Tedavi Öncesi Değerlendirme ve Hasta Seçimi
Hastaların TARE tedavisi için uygun olup olmadığına genel cerrah, girişimsel radyolog, nükleer tıp uzmanı, medikal onkolog ve gastroenterologdan oluşan multidisipliner tümör konseyinde karar verilmesi gerekmektedir. Sadece karaciğerde veya dominant olarak karaciğere lokalize, operasyon şansı bulunmayan, beklenen yaşam süresi 12 haftanın üzerinde olan ve Eastern Cooperative Oncology Group performans skalası 2’nin altında olan hastalar TARE tedavisi için uygun aday olarak kabul edilir. Asit veya fizik muayenede karaciğer yetersizliğinin diğer bulguları saptanan hastalar (ödem, palmar eritem, spider angiom vb.), karaciğer fonksiyonunun göstergesi olan serum albümin değerinin 3 g/dL’den düşük ve/veya total bilirubin değerinin 2 mg/dL’den büyük olan hastalar tedavi için uygun aday olarak kabul edilmemektedir. %20’den yüksek akciğer şantı, karaciğere eksternal radyoterapi uygulanmış olması ile hepatik rezervi zorlayan tümör yükü (%60) rölatif kontrendikasyonlar arasında sayılabilmekte iken anjiyografik teknikler ile düzeltilemeyen gastrointestinal şant tedavinin mutlak kontrendikasyonu olarak kabul edilmektedir (2).

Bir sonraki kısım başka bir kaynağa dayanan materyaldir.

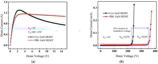 (a) The output characteristic curves for Cov GaN HEMT and PBL GaN HEMT. (b) The breakdown characteristic curves for Cov GaN HEMT and PBL GaN HEMT.

Tedavide resin mikroküreler kullanılması planlanıyor ise kapasitabin tedavisi 3 ay önceden kesilmesi önerilmektedir (2). Bevacizumab tedavisi altındaki hastalarda, bevacizumabın doku iyileşmesini belirgin bozması, vaskülopatik etkisi ve stazı arttırması nedeni ile TARE öncesi kemoterapi protokolünün değiştirilmesi önerilmektedir (8).
Görüntüleme
Manyetik rezonans (MR) inceleme karaciğer görüntülemesinde önemli bir radyolojik modalite olarak yerini almıştır. Özellikle bilgisayarlı tomografi (BT) ve ultrasonografi (US) gibi diğer modalitelerin yetersiz kaldığı olgularda MR görüntüleme; lezyonun saptanması, karakterizasyonu ve lezyonun çevre doku ile ilişkisini belirlemede üstünlük göstermektedir (9). Özellikle karaciğer fibrozisinin ve sirozun tanısında, hepatosellüler karsinom (HSK) ve metastazlarında anjiyogenetik aktiviteyi karakterize etmede ve tedavi sonrası görüntülemede yararlı bir modalitedir. Bazı çalışmalarda tedavi sonrası tümör çapında değişiklik olmadığı halde perfüzyon indeksi ortalama değerinde azalma olduğu gösterilmiştir (10). Multidedektör BT’deki gelişmeler tetkik süresini ve radyasyon dozunu büyük oranda azaltmış ve karaciğer görüntülemesinde BT’nin yerini ve önemini arttırmıştır. Radyasyon dozunda azalma BT ile izlem gerektiren HSK ve karaciğer metastazı olan genç hastalarda önem arz etmektedir. Tümör canlılığını değerlendirmek için kesitsel görüntülemeyle doku karakterizasyonu, temel olarak kontrast akış dinamiğine ve tümör boyutundaki değişikliklere dayanır. F-18 florodeoksiglukoz (FDG) pozitron emisyon tomografi (PET)/BT metabolik bir görüntüleme ajanı kullanarak karaciğer görüntülemesine yeni bir faz eklemiştir. FDG PET/BT ekstrahepatik metastazların tespitindeki üstün kabiliyeti ile başta kolorektal kanserli hastalar olmak üzere metastatik karaciğer malignitesi olan hastalarda tanısal verimliliği belirgin arttırmıştır (11,12,13,14,15,16).
Anjiyografi
Trunkus coeliacus, hiatus aorticusun hemen altında aorta abdominalisten ayrılan ventral bir daldır. Üç majör dala ayrılır: Sol gastrik arter (SGA), ortak hepatik arter ve splenik arter. Ortak hepatik arter, gastroduodenal arter, sağ gastrik arter ve sistik arter dallarını verdikten sonra ana hepatik arter olarak portal hilusa ulaşır. Ana hepatik arter sağ ve sol hepatik dallarına ayrılarak devam eder. Hepatik arter varyasyonları oldukça sık olup klasik dallanma paterni popülasyonun %55-60’ında mevcuttur. En sık varyasyon süperior mezenterik arter çıkışlı sağ hepatik arter ve SGA çıkışlı sol hepatik arterdir (17).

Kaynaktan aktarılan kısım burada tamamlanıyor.